*How to complete this task*
All of the entries below need repeating exactly, apart from their images.

------------------------------------------------

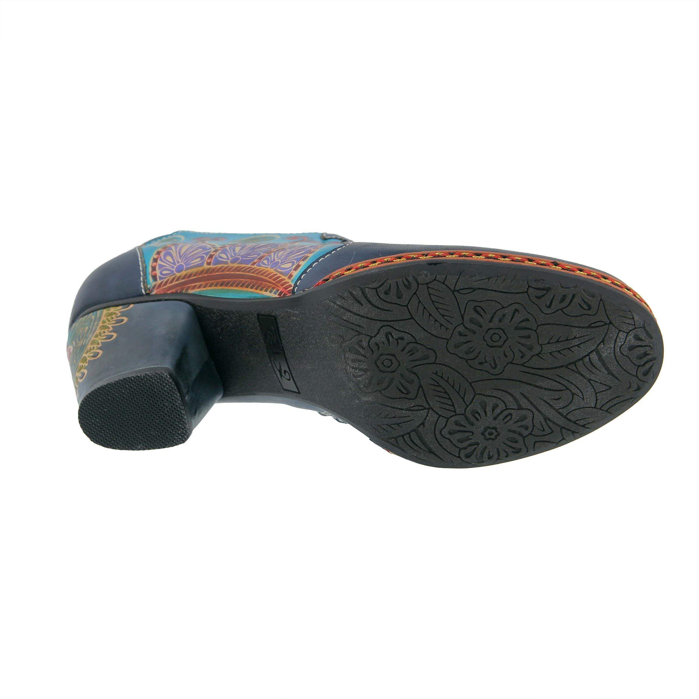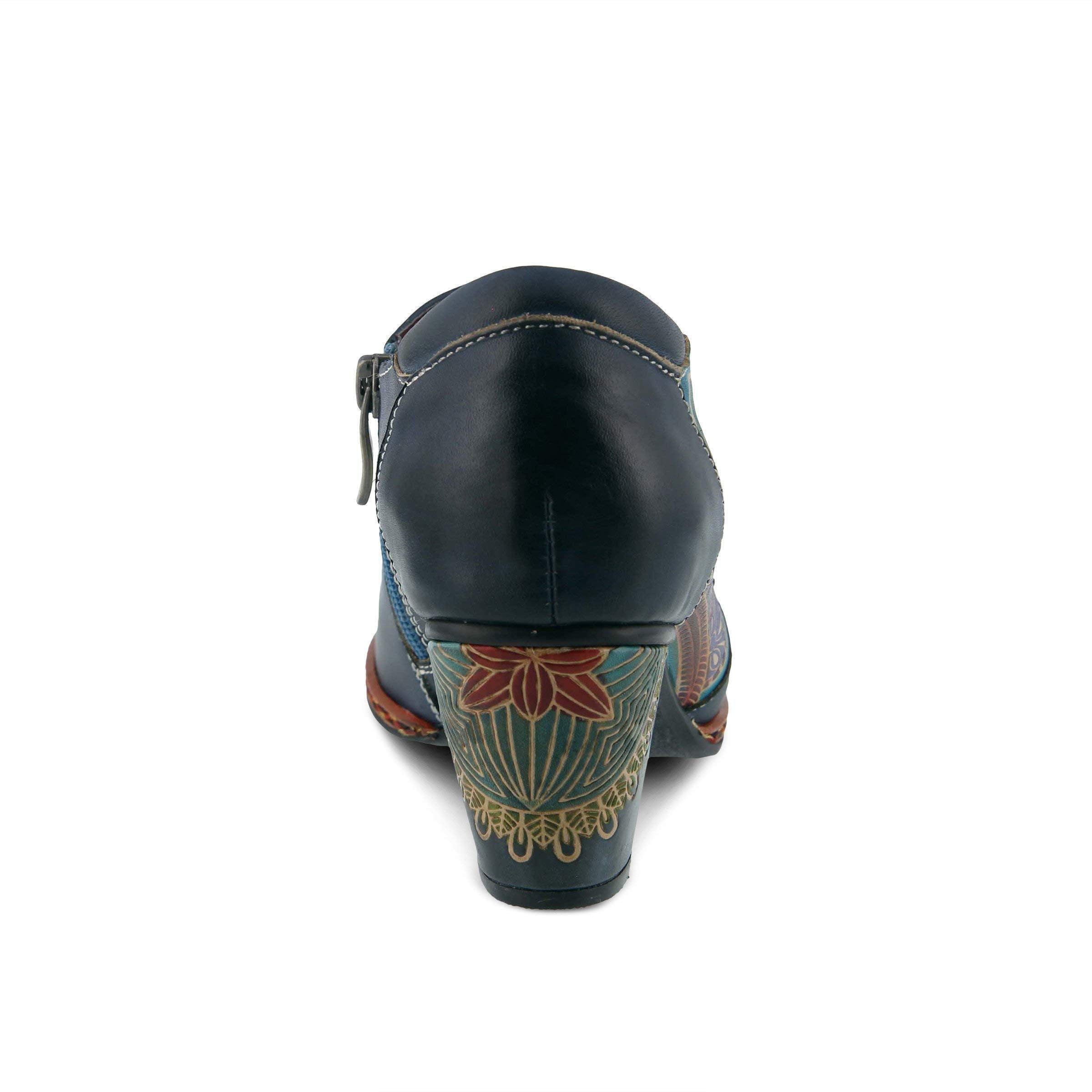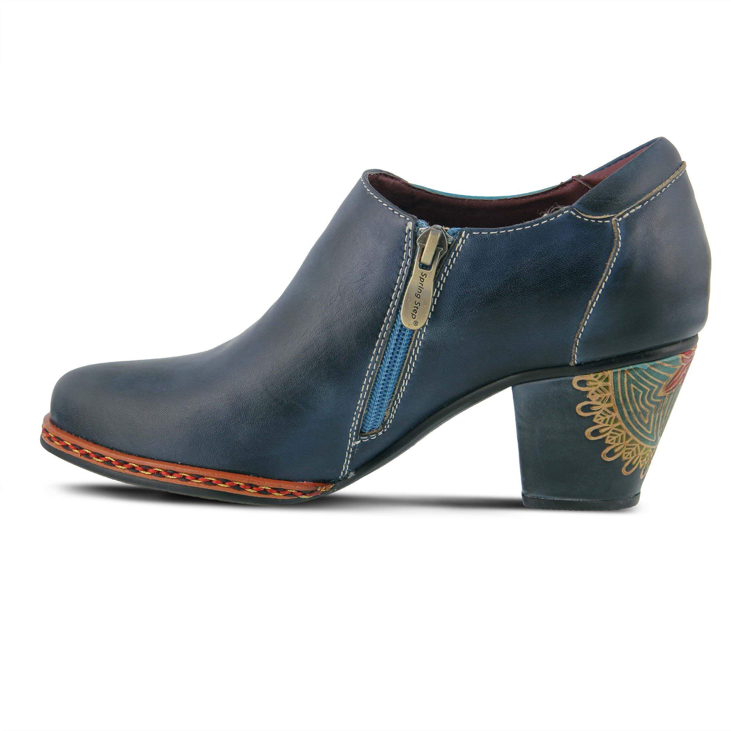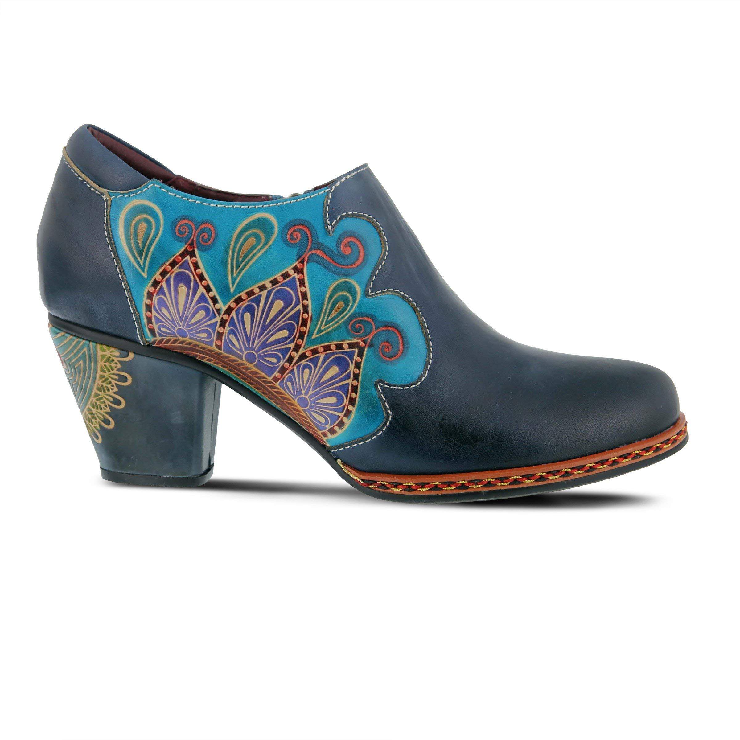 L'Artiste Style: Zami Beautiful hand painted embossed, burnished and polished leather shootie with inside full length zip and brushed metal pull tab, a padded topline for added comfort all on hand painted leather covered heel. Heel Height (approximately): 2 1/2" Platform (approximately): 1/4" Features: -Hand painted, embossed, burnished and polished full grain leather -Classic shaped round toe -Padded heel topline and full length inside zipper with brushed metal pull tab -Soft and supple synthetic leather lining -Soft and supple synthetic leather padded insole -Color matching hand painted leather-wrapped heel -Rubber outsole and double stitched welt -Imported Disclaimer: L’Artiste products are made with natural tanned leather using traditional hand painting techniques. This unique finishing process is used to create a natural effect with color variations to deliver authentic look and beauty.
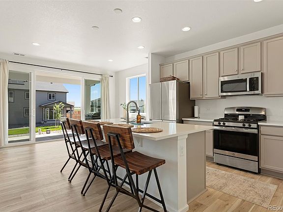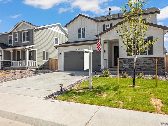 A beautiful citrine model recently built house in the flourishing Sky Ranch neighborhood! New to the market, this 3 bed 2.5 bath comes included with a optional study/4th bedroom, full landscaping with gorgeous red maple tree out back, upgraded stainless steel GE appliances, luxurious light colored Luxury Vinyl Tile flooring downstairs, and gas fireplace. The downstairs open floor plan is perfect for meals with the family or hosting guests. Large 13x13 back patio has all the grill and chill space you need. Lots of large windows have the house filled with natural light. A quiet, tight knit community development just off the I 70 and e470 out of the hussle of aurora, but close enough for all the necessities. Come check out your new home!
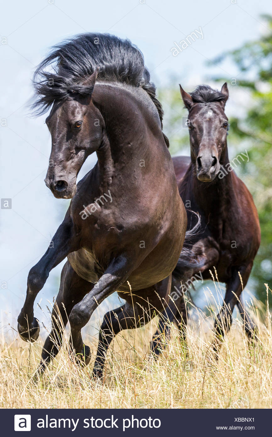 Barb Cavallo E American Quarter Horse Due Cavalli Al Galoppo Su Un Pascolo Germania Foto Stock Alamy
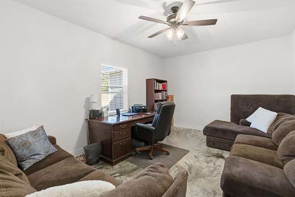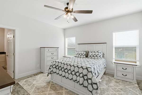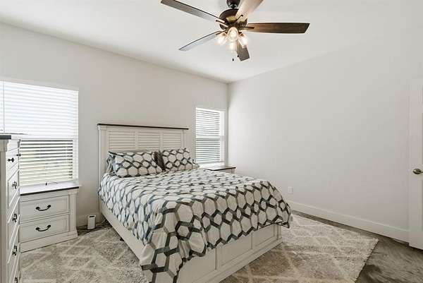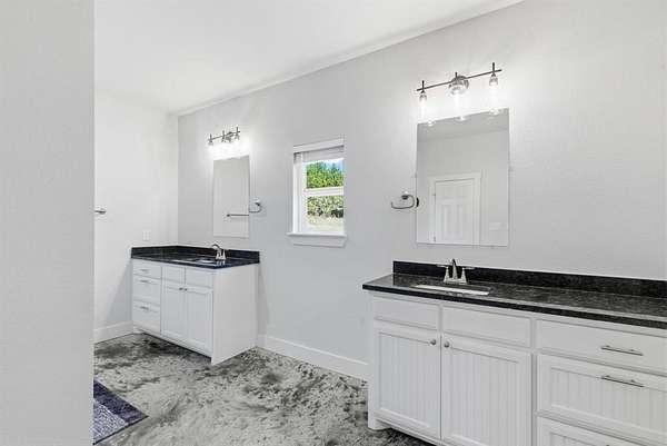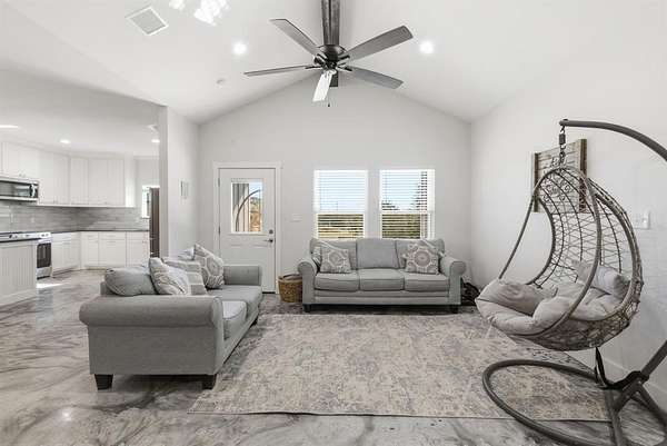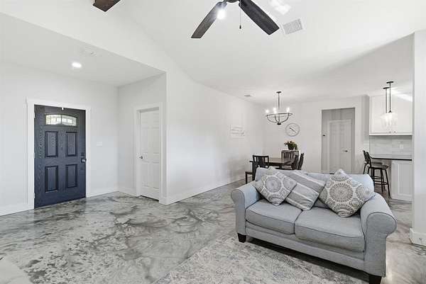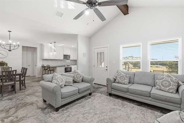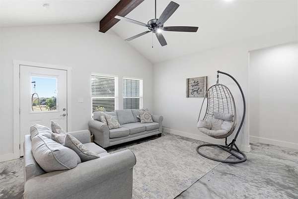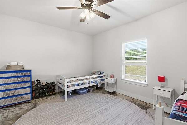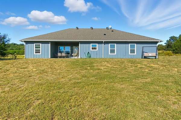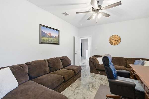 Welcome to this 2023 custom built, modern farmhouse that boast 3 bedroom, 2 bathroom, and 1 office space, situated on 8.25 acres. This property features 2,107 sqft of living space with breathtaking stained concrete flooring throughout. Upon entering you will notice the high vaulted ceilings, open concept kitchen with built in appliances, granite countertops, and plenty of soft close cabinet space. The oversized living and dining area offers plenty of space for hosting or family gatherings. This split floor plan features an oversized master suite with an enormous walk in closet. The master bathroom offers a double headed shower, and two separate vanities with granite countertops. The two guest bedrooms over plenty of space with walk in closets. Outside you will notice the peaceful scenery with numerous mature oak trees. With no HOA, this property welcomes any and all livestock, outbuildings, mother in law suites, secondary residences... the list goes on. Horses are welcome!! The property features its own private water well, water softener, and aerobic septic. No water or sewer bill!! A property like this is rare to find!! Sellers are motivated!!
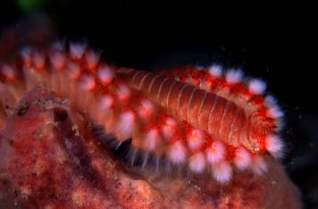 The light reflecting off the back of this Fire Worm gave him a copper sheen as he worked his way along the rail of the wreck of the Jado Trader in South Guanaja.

------------------------------------------------

*Answer space*
 L'Artiste Style: Zami Beautiful hand painted embossed, burnished and polished leather shootie with inside full length zip and brushed metal pull tab, a padded topline for added comfort all on hand painted leather covered heel. Heel Height (approximately): 2 1/2" Platform (approximately): 1/4" Features: -Hand painted, embossed, burnished and polished full grain leather -Classic shaped round toe -Padded heel topline and full length inside zipper with brushed metal pull tab -Soft and supple synthetic leather lining -Soft and supple synthetic leather padded insole -Color matching hand painted leather-wrapped heel -Rubber outsole and double stitched welt -Imported Disclaimer: L’Artiste products are made with natural tanned leather using traditional hand painting techniques. This unique finishing process is used to create a natural effect with color variations to deliver authentic look and beauty.
 A beautiful citrine model recently built house in the flourishing Sky Ranch neighborhood! New to the market, this 3 bed 2.5 bath comes included with a optional study/4th bedroom, full landscaping with gorgeous red maple tree out back, upgraded stainless steel GE appliances, luxurious light colored Luxury Vinyl Tile flooring downstairs, and gas fireplace. The downstairs open floor plan is perfect for meals with the family or hosting guests. Large 13x13 back patio has all the grill and chill space you need. Lots of large windows have the house filled with natural light. A quiet, tight knit community development just off the I 70 and e470 out of the hussle of aurora, but close enough for all the necessities. Come check out your new home!
 Barb Cavallo E American Quarter Horse Due Cavalli Al Galoppo Su Un Pascolo Germania Foto Stock Alamy
 Welcome to this 2023 custom built, modern farmhouse that boast 3 bedroom, 2 bathroom, and 1 office space, situated on 8.25 acres. This property features 2,107 sqft of living space with breathtaking stained concrete flooring throughout. Upon entering you will notice the high vaulted ceilings, open concept kitchen with built in appliances, granite countertops, and plenty of soft close cabinet space. The oversized living and dining area offers plenty of space for hosting or family gatherings. This split floor plan features an oversized master suite with an enormous walk in closet. The master bathroom offers a double headed shower, and two separate vanities with granite countertops. The two guest bedrooms over plenty of space with walk in closets. Outside you will notice the peaceful scenery with numerous mature oak trees. With no HOA, this property welcomes any and all livestock, outbuildings, mother in law suites, secondary residences... the list goes on. Horses are welcome!! The property features its own private water well, water softener, and aerobic septic. No water or sewer bill!! A property like this is rare to find!! Sellers are motivated!!
 The light reflecting off the back of this Fire Worm gave him a copper sheen as he worked his way along the rail of the wreck of the Jado Trader in South Guanaja.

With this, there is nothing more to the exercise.